Flashback first opened in 1985 at Six Flags Great America (at Gurnee, Illinois) as Z-Force. It was a prototype Space Diver that was purchased from the Intamin testing facility. In 1987, the ride was closed. The site was later used for a Bolliger & Mabillard stand-up roller coaster named Iron Wolf.

===Six Flags Over Georgia (1988-1991)===
Following the ride's closure at Six Flags Great America, it was relocated to Six Flags Over Georgia, west of Atlanta. On July 18, 1989, an 11-year-old boy from Talladega, Alabama, became unconscious while riding Z-Force. Park staff performed CPR, but the victim was pronounced dead after being taken to HCA Parkway Medical Center. An autopsy failed to pinpoint the cause of death.
The ride opened in 1988 before closing three seasons later in 1991.

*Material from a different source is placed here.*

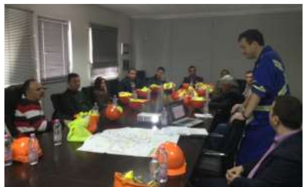
Parties prepare for a field trip to the company site, November 2015

Between 2015 and 2017, three field trips were conducted to provide an opportunity for community groups to see investments made by the company. These included investments related to technological and air quality improvements, and the installation of seismometers and waste management facilities.

===Six Flags Magic Mountain (1992-2007)===
The ride's final relocation was to Six Flags Magic Mountain in California. As part of the relocation, the ride was renamed from Z-Force to Flashback. It opened at the park in 1992.

Flashback gained a reputation as a painful ride experience. Riders would hit their heads on the uncomfortable restraints during each hairpin dive. In June 1995, Six Flags Magic Mountain opened a water park named Hurricane Harbor right next to the ride. Flashback was so noisy that the lifeguards were distracted, as well as the guests at Hurricane Harbor. Following these complaints, the ride would remain closed from May to September beginning in 1996.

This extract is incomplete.